In giving an account of the way in which this meretricious worldliness has established its hegemony, Goodall not only emphasises its failure to provide a credible explanation for the complexity of human behaviour and its blindness to the inherently collaborative nature of human endeavour; she also sets out the negative consequences of such a constrained view of the world. The Politics of the Common Good highlights the fact that neoliberalism encourages an attitude toward disadvantaged members of society that is often far worse than mere indifference. The maliciously punitive measures directed against the poor — the recent ‘robodebt’ scandal provides one grotesque example — could perhaps be interpreted as evidence of that recognised tendency of rigid and narrow ideologies to manifest themselves as the antithesis of their stated aims. But in this instance it would appear to be intrinsic to the rationale. The brazen hypocrisy is less a case of vice paying tribute to virtue than the very essence of the ideology’s appeal to the ruling class. The utility of the basic Thatcherite double-standard is that it simultaneously games the system and licenses a patrician view of the undeserving lower classes, who must be subjected to the strictest discipline. For all the libertarian posturing of its loudest champions, neoliberalism is a socially regressive and coercive philosophy. As Goodall argues, it is ‘all about control’.
Much of Goodall’s detailed analysis, which is addressed primarily though not exclusively to the Australian context, is broadly supported by the reams of evidence gathered in Standing’s Plunder of the Commons, which is British in focus but similarly concerned to open up the discussion of ideological questions. It is the kind of polemic that makes its case dispassionately but forcefully, through sheer weight of accumulated evidence. Standing grounds his argument not in the abstract notion of the common good, but the tangible and legally recognised concept of the ‘commons’. He identifies five distinct realms in which human beings can be seen to have a collective stake, considering in turn the natural, social, civil, cultural and knowledge commons. In each case, he details the various mechanisms through which these public realms have been enclosed, privatised and exploited.

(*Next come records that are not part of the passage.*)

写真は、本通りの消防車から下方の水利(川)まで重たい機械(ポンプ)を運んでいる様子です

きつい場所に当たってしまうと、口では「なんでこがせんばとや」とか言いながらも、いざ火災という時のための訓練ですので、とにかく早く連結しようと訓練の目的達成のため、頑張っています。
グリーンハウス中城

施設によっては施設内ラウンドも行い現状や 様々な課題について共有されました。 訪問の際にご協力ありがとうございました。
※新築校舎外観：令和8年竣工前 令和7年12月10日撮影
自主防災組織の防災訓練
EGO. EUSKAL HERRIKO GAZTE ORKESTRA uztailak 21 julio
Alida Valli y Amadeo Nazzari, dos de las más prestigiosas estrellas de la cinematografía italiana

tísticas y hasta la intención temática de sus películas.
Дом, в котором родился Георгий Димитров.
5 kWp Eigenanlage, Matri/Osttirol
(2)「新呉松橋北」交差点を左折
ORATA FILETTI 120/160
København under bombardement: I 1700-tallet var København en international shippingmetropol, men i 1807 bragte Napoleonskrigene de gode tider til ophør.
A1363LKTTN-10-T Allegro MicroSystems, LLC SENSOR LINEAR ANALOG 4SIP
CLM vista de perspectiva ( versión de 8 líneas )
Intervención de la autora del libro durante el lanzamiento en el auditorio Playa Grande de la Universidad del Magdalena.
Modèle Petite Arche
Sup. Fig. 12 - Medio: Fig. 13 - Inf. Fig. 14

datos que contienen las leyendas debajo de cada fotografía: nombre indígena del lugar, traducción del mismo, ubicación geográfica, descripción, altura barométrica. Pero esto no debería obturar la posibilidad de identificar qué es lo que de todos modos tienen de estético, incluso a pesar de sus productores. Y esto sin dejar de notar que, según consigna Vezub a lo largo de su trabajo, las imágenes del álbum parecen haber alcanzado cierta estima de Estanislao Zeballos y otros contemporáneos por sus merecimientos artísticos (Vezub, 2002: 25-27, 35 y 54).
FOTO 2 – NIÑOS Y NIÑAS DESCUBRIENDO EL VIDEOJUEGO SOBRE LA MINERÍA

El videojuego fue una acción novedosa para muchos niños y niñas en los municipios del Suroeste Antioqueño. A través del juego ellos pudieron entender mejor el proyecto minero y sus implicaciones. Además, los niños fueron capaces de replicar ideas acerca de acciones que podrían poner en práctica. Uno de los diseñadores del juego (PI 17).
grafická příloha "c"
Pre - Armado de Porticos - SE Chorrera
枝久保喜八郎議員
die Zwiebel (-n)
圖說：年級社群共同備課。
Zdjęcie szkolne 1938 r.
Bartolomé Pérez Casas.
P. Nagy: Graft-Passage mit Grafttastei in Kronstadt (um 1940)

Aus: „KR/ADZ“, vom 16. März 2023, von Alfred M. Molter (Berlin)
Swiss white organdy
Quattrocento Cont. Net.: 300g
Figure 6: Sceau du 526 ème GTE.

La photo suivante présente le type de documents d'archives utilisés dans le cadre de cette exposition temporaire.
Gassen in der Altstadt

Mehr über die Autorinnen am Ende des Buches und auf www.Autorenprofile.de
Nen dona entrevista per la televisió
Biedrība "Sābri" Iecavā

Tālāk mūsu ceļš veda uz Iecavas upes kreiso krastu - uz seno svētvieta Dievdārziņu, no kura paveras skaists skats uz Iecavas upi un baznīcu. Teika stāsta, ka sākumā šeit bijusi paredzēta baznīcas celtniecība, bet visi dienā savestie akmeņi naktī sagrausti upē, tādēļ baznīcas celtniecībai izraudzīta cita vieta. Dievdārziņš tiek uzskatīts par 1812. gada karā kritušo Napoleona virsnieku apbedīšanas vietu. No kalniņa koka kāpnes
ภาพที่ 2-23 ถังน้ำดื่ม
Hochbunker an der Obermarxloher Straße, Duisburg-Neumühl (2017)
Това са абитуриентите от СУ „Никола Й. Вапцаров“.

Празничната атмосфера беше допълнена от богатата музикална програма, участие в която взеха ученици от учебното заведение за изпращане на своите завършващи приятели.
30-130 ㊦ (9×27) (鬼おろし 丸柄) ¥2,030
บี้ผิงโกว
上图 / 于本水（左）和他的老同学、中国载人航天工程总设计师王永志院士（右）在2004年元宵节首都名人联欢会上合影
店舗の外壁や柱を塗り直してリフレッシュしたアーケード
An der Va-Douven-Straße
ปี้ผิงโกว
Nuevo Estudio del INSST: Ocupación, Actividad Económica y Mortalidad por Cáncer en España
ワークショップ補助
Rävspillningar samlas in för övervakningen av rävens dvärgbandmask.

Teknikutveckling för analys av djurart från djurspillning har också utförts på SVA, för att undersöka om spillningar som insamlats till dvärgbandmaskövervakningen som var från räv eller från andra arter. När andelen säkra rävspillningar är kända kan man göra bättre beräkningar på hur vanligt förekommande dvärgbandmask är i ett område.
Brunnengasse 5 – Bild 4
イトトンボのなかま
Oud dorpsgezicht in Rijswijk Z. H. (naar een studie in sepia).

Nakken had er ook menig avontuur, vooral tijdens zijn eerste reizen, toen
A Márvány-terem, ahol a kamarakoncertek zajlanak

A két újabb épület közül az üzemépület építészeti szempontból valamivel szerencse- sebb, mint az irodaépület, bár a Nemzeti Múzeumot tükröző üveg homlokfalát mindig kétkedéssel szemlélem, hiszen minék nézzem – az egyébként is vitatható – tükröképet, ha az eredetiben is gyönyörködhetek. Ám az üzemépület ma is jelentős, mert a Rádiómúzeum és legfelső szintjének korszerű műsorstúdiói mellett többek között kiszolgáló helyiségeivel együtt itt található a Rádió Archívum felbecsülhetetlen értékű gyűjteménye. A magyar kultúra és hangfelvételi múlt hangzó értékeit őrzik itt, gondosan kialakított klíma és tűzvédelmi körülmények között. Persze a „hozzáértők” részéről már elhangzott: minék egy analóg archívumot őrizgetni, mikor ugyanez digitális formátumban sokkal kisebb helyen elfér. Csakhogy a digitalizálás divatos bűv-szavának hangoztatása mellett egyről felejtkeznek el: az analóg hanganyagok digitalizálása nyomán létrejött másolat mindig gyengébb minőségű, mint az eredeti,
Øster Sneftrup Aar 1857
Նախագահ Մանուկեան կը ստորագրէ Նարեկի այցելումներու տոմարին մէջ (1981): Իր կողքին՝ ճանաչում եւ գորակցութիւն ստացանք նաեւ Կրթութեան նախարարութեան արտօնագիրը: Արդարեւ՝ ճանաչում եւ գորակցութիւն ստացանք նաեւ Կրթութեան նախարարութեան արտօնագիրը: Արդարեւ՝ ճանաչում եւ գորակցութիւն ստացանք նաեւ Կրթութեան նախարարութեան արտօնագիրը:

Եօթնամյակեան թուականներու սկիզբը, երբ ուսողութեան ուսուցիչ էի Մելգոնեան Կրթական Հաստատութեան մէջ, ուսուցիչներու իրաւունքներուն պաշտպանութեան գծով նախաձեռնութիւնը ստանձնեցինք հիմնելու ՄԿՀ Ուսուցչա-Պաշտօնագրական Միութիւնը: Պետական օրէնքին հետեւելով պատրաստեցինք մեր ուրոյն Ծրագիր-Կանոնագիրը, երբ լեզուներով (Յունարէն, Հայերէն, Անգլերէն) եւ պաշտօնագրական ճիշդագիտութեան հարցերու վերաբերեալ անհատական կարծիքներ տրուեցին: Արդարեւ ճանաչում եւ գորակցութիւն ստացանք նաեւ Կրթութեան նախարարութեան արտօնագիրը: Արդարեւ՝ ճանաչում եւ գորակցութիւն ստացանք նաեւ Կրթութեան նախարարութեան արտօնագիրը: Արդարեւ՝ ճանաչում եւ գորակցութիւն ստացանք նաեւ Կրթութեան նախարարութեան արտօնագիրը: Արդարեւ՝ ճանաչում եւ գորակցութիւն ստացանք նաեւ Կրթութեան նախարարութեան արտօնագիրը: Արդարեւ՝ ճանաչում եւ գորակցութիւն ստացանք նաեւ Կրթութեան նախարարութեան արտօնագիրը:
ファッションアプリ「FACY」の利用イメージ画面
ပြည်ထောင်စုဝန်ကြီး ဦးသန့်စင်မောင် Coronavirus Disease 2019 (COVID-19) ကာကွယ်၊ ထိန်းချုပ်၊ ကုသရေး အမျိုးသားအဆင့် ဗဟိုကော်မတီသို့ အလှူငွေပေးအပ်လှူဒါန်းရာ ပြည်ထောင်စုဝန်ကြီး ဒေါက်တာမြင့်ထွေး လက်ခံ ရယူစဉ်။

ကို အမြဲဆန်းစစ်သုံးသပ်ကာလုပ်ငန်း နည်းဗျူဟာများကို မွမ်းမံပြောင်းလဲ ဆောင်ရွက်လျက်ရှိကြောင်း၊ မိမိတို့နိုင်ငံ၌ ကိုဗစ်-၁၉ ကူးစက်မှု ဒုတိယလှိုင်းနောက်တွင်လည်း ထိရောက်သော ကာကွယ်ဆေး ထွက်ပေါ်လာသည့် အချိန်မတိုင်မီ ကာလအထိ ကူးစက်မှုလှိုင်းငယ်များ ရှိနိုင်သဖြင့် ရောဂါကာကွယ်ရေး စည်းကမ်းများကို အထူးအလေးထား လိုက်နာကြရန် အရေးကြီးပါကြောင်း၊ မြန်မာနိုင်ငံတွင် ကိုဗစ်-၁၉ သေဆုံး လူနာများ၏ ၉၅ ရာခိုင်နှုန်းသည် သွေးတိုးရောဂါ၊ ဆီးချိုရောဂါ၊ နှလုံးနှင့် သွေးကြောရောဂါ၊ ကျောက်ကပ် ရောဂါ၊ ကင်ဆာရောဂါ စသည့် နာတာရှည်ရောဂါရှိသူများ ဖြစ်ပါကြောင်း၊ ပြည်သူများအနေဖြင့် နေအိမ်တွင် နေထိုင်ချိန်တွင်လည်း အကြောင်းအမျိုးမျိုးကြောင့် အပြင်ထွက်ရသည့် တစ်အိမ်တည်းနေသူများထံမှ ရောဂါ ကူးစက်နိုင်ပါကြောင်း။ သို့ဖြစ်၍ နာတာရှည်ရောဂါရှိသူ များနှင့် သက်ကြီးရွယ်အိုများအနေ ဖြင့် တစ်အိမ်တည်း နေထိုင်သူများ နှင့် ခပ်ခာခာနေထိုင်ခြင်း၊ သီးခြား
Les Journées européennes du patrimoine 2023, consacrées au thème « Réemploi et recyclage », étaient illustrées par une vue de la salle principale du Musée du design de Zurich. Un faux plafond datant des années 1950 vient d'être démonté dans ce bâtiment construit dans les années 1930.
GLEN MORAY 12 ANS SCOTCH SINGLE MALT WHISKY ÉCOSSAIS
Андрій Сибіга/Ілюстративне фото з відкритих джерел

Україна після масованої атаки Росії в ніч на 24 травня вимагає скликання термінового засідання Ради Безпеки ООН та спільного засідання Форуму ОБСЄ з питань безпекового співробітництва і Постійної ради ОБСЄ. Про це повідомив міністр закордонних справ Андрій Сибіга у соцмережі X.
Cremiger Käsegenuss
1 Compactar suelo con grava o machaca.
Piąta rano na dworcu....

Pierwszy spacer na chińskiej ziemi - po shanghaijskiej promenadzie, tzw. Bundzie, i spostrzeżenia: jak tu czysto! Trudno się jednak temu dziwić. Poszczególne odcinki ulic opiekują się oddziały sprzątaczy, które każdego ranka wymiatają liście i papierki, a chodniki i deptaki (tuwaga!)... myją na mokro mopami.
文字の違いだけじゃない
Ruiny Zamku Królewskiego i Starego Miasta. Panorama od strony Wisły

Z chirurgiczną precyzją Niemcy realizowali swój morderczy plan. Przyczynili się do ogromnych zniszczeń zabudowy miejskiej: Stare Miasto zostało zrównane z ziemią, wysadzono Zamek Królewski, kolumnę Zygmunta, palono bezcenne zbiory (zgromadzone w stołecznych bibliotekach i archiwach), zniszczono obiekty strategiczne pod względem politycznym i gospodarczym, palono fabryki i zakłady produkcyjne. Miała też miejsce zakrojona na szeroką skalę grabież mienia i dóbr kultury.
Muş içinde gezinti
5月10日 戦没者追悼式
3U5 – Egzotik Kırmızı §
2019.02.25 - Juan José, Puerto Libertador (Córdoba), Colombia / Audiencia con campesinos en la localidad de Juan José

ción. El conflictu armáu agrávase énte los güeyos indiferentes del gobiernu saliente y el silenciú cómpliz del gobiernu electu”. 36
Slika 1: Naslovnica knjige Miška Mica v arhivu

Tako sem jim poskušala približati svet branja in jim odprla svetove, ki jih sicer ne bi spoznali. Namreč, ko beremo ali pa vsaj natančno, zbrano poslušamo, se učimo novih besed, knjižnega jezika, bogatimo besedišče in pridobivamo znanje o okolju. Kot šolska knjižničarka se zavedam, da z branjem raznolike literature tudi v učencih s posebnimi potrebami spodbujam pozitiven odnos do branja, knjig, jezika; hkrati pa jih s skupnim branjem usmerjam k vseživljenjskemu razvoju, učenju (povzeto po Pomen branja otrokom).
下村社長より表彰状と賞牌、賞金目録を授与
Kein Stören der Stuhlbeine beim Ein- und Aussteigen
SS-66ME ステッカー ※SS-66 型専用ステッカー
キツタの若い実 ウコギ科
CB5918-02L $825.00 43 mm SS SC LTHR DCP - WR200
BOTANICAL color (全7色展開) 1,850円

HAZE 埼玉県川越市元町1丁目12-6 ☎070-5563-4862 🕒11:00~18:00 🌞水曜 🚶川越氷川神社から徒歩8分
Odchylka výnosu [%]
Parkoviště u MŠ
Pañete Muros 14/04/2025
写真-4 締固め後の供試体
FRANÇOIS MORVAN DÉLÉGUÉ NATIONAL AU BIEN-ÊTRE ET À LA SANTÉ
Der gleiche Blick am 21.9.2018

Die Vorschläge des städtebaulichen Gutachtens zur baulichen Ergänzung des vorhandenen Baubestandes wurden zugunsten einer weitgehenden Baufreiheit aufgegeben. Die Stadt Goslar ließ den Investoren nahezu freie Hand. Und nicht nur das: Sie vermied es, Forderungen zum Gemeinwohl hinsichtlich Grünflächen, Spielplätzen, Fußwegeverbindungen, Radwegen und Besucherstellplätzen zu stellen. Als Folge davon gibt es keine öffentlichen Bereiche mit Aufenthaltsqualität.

Goodall and Standing are at one with Reich in recognising that the neoliberal regime of the last few decades has resulted in a massive upward transfer of wealth and the consolidation of power in private hands. This has created a situation where governments are increasingly beholden to corporate interests. The two spheres have, to a significant degree, merged — in Australia, it has become routine for government ministers to leave parliament and step straight into lucrative ‘consulting’ roles in the corporate sector. This contributes to the corrosive impression that the mechanisms of government are compromised, that there is one rule for the rich and another for the rest of us, but that there is no potential for any kind of structural change. Goodall notes that not even the massive shock of the Global Financial Crisis was sufficient to loosen the stranglehold of the ‘zombie’ ideology of privatisation and deregulation on the political economy, while Reich makes the not unrelated point that no executives from any of the major banks were prosecuted for their role in creating the crisis. Near the end of Plunder of the Commons, Standing observes that the publication of the Panama Papers in 2016 implicated the then British Prime Minister David Cameron (and indeed the Australian Prime Minister at the time, Malcolm Turnbull). When you have a situation in which national leaders are avoiding their own tax laws, claiming for themselves the Thatcherite prerogative to opt-out of their obligations toward their own societies, it is hard to avoid the conclusion that the system is broken.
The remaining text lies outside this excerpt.